Recently, I was given three ciphers to crack for my cryptography class. At this point, I have guessed that one of them is likely a Hill cipher (probably 3x3, as that is the most complex we have done so far).

I have made a fairly good guess of two options for the first seven characters in the cipher, but I found myself unable to figure out the key matrix.
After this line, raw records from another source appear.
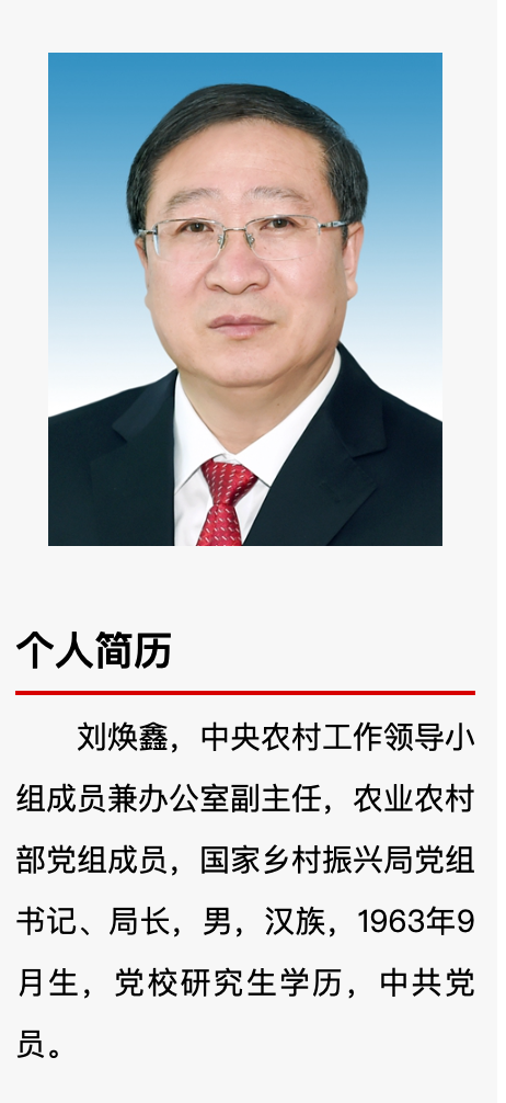 2021年4月,农业部党组成员、副部长刘焕鑫履新中央农村工作领导小组办公室副主任。2021年11月,他担任国家乡村振兴局党组书记、局长。
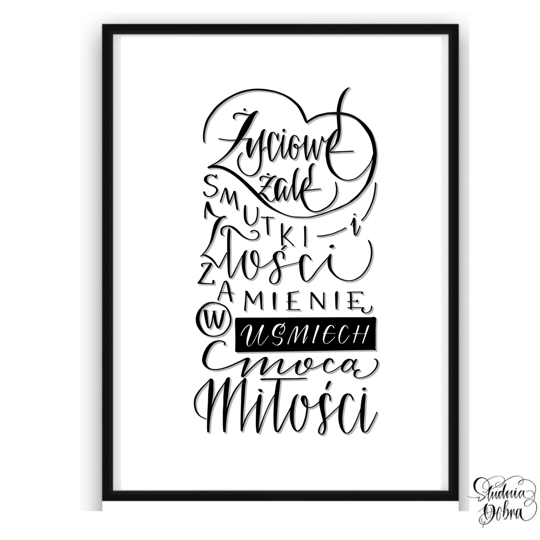 Idealny jako prezent na rózne okazje. Zawiera autorski cytat: "Życiowe żale, smutki i złości zamienię w uśmiech mocą miłości". Napisane ozdobnym pismem.
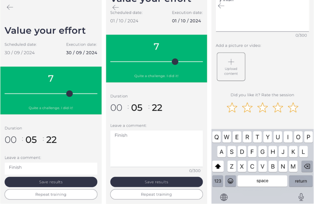 Before marking the workout as complete, clients can use a slider to select a difficulty from 1 to 10, set a duration, leave a comment for the coach, upload an image or video, and rate the workout.
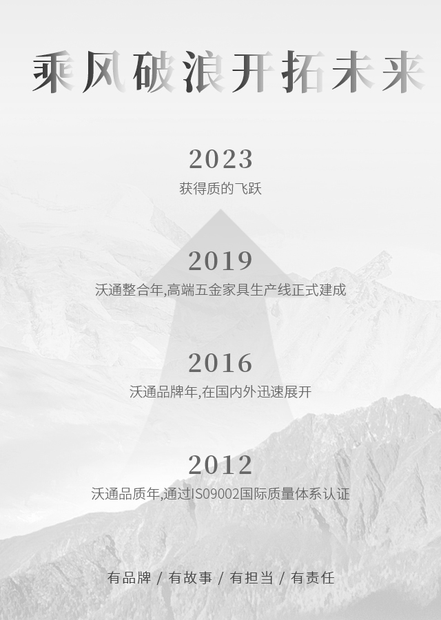 沃通五金將積極弘揚(yáng)中國家具文化,綜合國際家具潮流,運用無限的創(chuàng)意,設(shè)計生產(chǎn)出大量造型美觀,引領(lǐng)時代潮流的新產(chǎn)品。
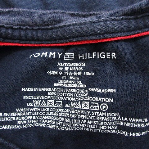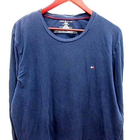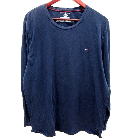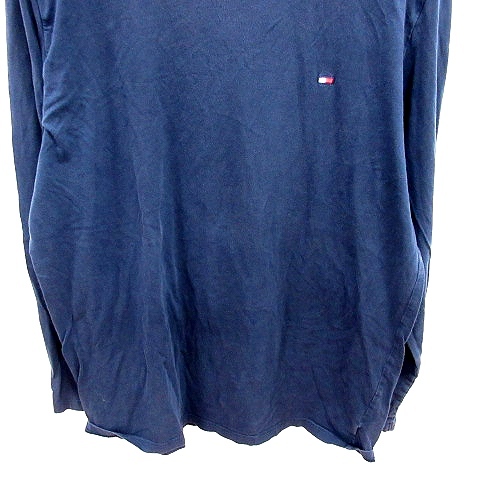 トミーヒルフィガー TOMMY HILFIGER カットソー Tシャツ Uネック 長袖 XL 紺 ネイビー /RT ●RY メンズ
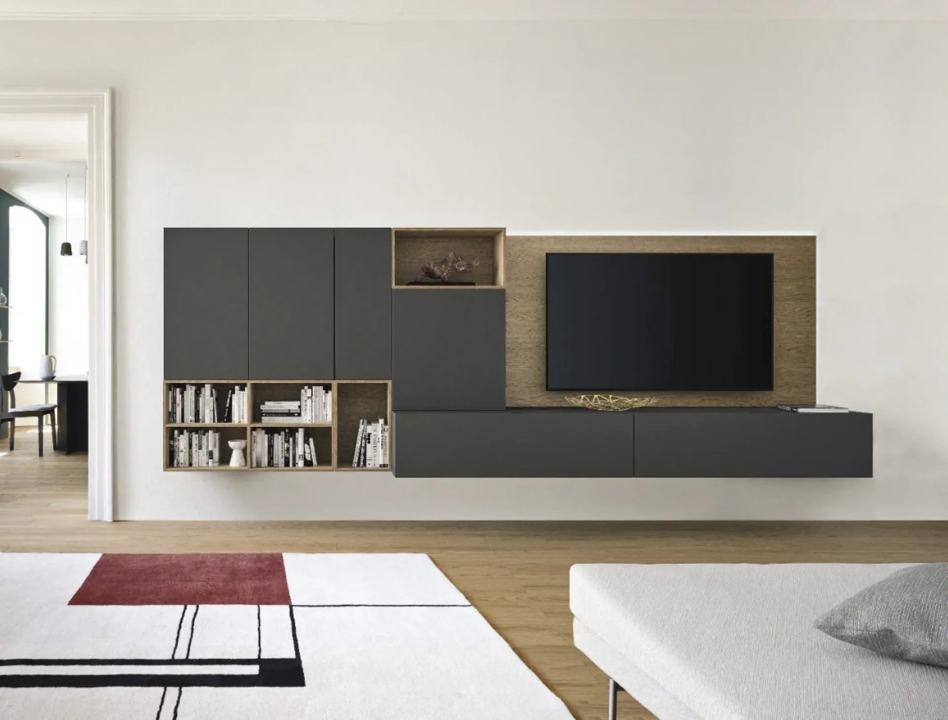 Clicca e scopri il modello Pannello TV Sangiacomo: questo mobile per la TV in laccato opaco è tra le più originali soluzioni per il soggiorno.
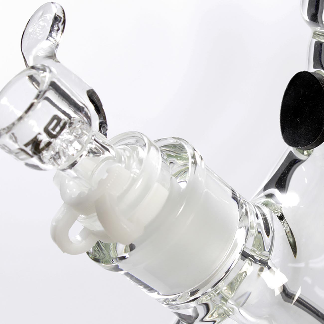 The flower and herbal bowl has practically an integrated screen. The bowl can be easily pulled out by the finger-friendly handle which is simultaneously a reliable roll-off protection. A bong clip made of plastic ensures a stable connection between the bowl and the chillum which also ensures air and water swirls through diffuser slots.
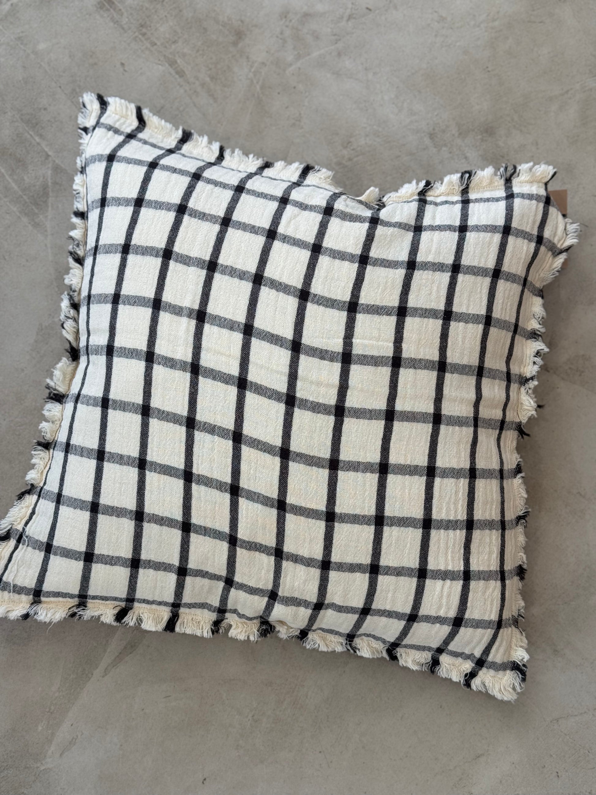 Housse de coussin en gaze de coton écrue à carreaux noirs. Franges aux 4 extrémités de la housse. Fermeture éclaire à l'arrière de la housse, dissimulée par un rabas.
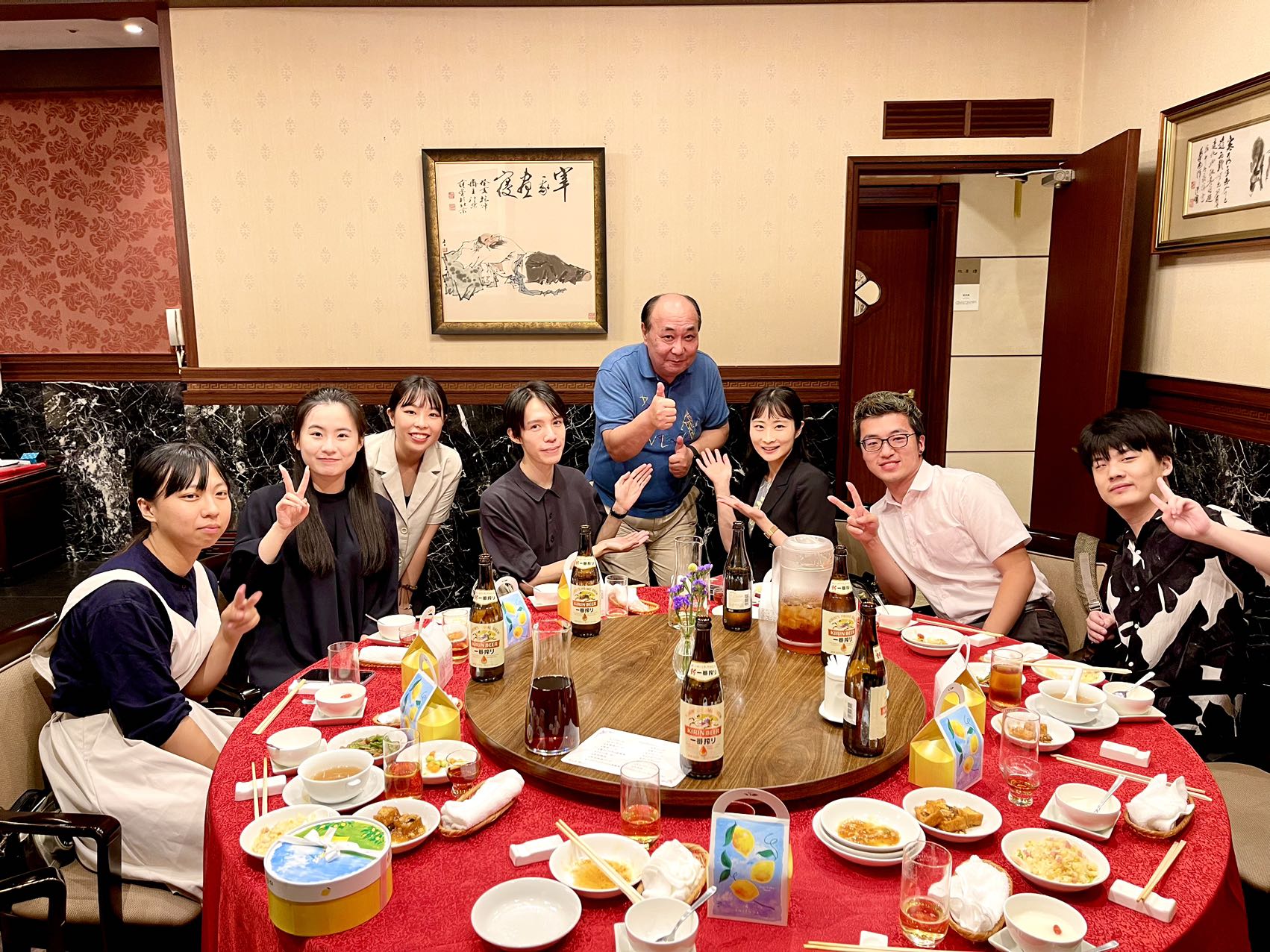 劉理事長、西山副会長を含め、社会人と学生も参加し、美味しい四川料理を囲みながら
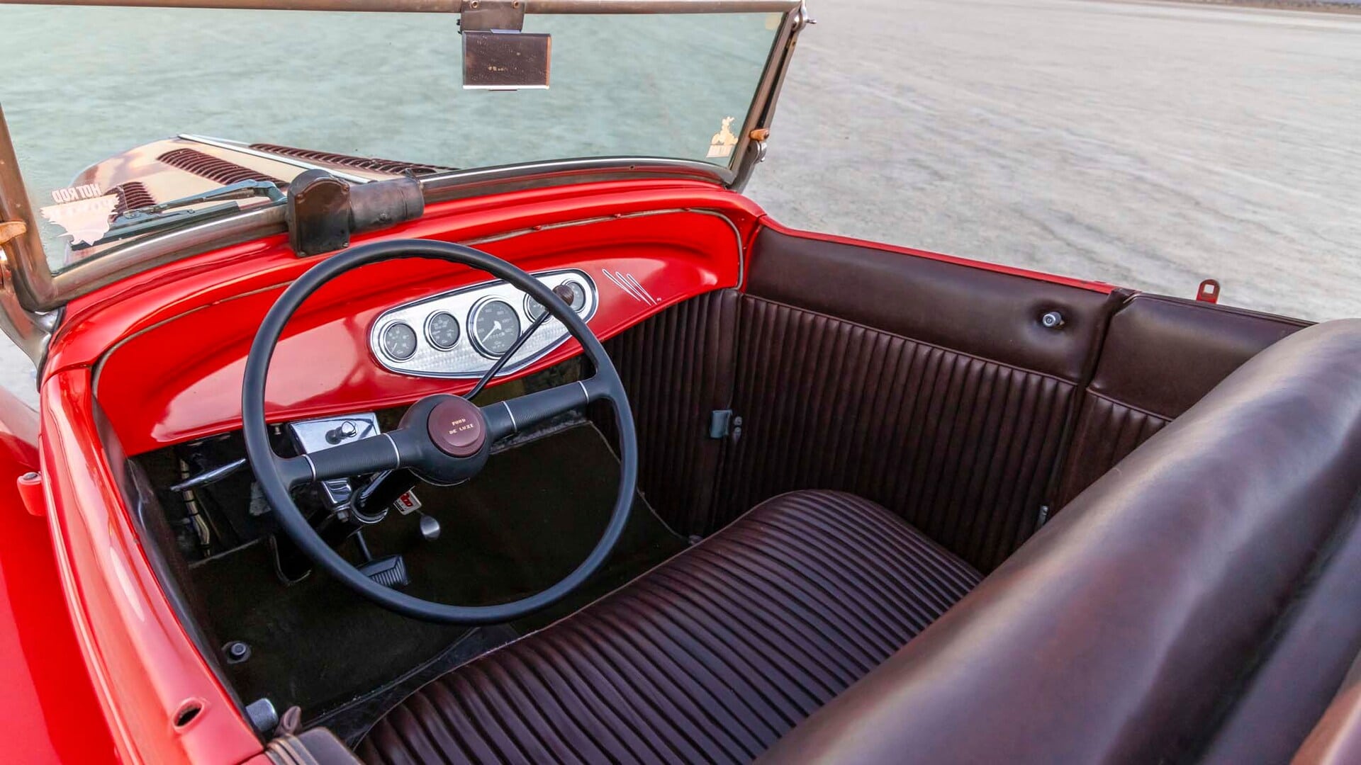L’affaire n’est pas terminée… Les “anciens” de Hot Rod Magazine, qui n’existe plus en version papier ni en version numérique (sauf quelques articles souvenirs) ont décidé de faire un “Remember” avec le Hot Rod rouge tacheté d’apprêt noir qui appartenait à Gray Baskerville, “LE” journaliste/écrivain du magazine HotRod… Pour célébrer le faux 75ième anniversaire du magazine Hot Rod qui n’a même pas atteint son 70ième anniversaire Papier, les “anciens de Hot Rod Mag” se sont associés à Castrol-GTX pour présenter quelques-unes des histoires qui illustrent le cœur de ce qu’était le mag’papier Hot Rod et en reflèter l’influence sur la culture automobile américaine.
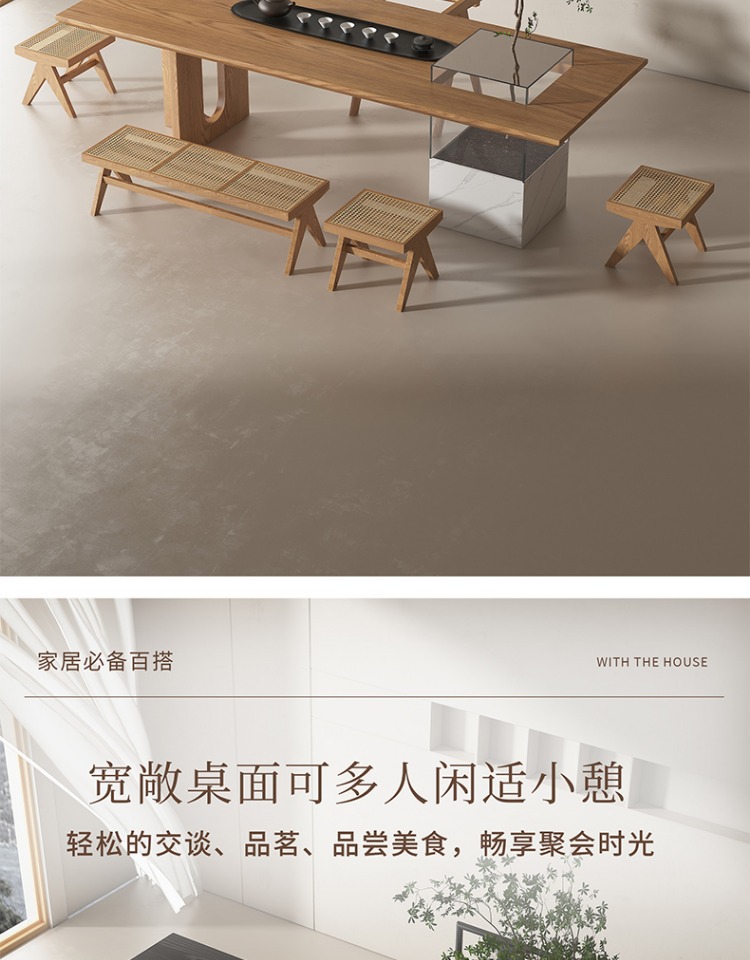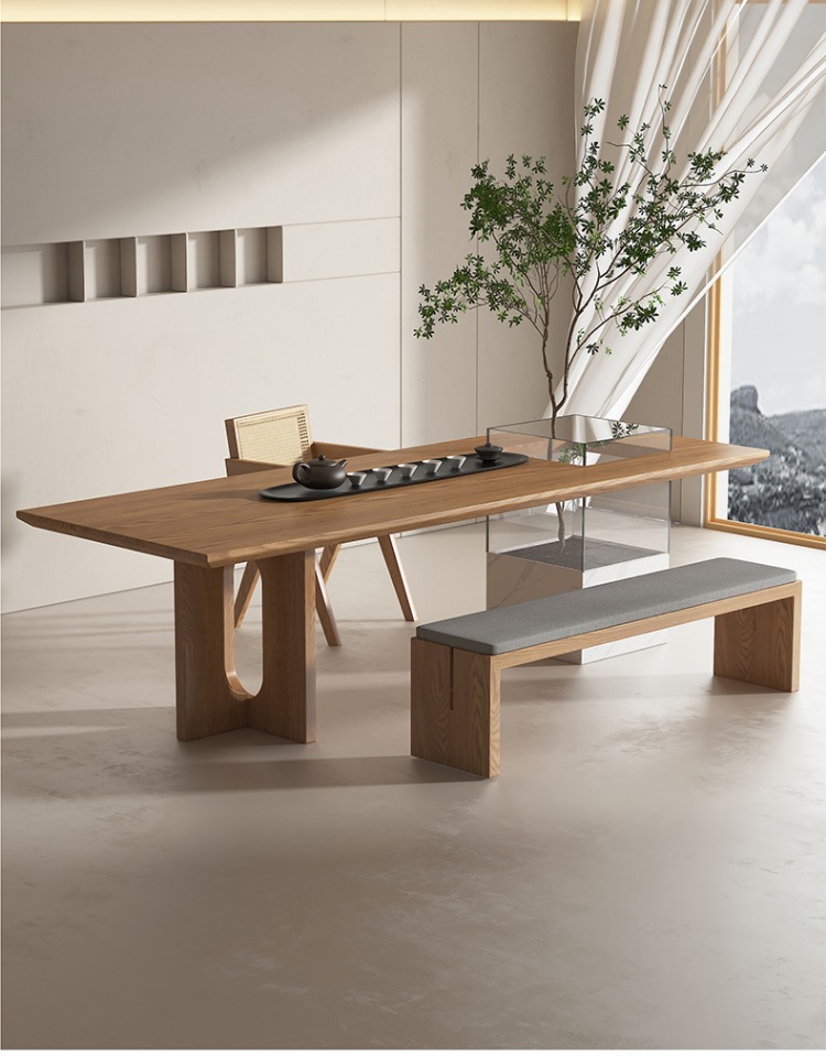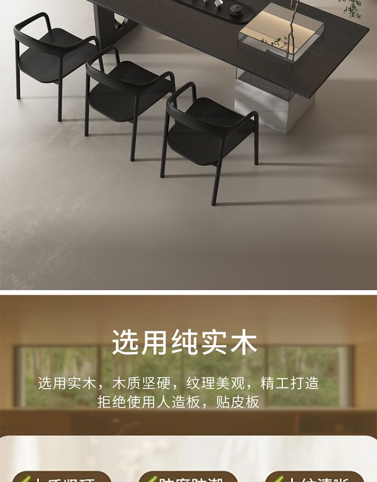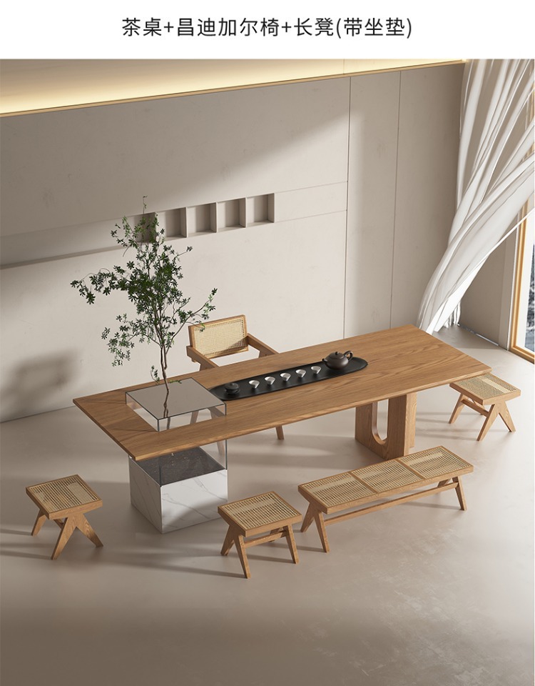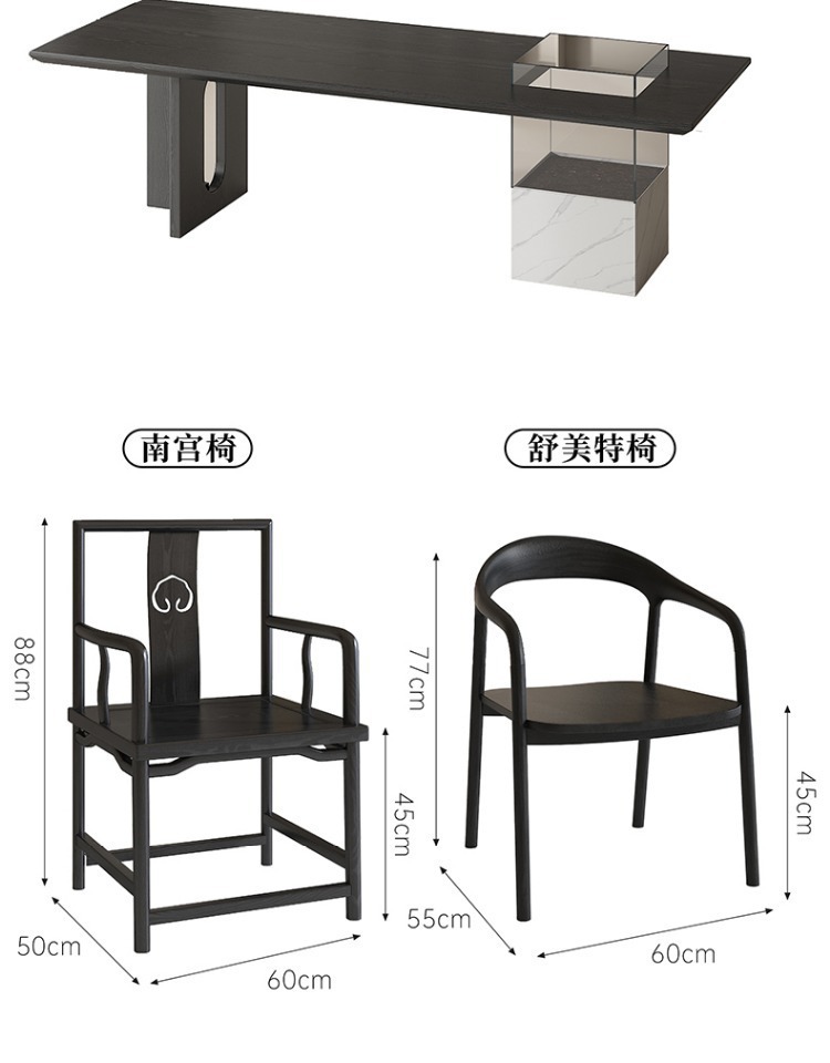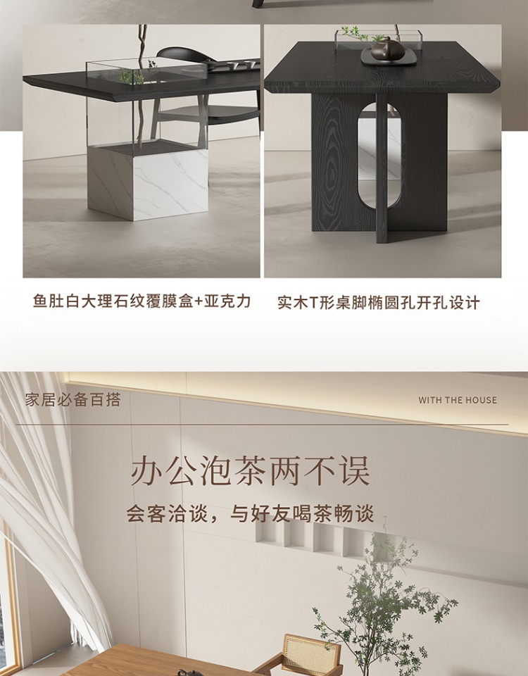 조용한 스타일의 차 테이블 아크릴 화분 블랙 솔리드 우드 빅 보드 거실 차 테이블 디자이너 빛 고급 사무실 책상
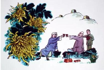 盛开的菊花,被人们采作菊花酒。菊花酒由菊花杂和黍米酿造而成,有清热解毒、明目祛风、抗菌消炎、抗衰老、调理血气的作用,而古人认为,秋浓时节配以菊花美酒,可以延年益寿。

So far, I have $\bigl(\begin{smallmatrix} a&b&c\\ d&e&f\\ g&h&i \end{smallmatrix} \bigr)$ x $\bigl(\begin{smallmatrix} 14\\ 13\\ 0 \end{smallmatrix} \bigr)$ = $\bigl(\begin{smallmatrix} 10\\ 4\\ 12 \end{smallmatrix} \bigr)$, but since the matrix is modulo 26 there could technically be infinite values for variables a-i (for instance, $14a + 13b + 0c = 10$ could actually be 35, 60, etc.). Is there something that I'm missing?

  • $\begingroup$ If there is one matrix that solves it, there will be many, since $c$, $f$ and $i$ may have arbitrary values. $\endgroup$
    – Artjom B.
    Sep 6, 2014 at 13:03

1 Answer 1


You would need (at least) 3 pairs of vectors in order to determine the 3*3 matrix.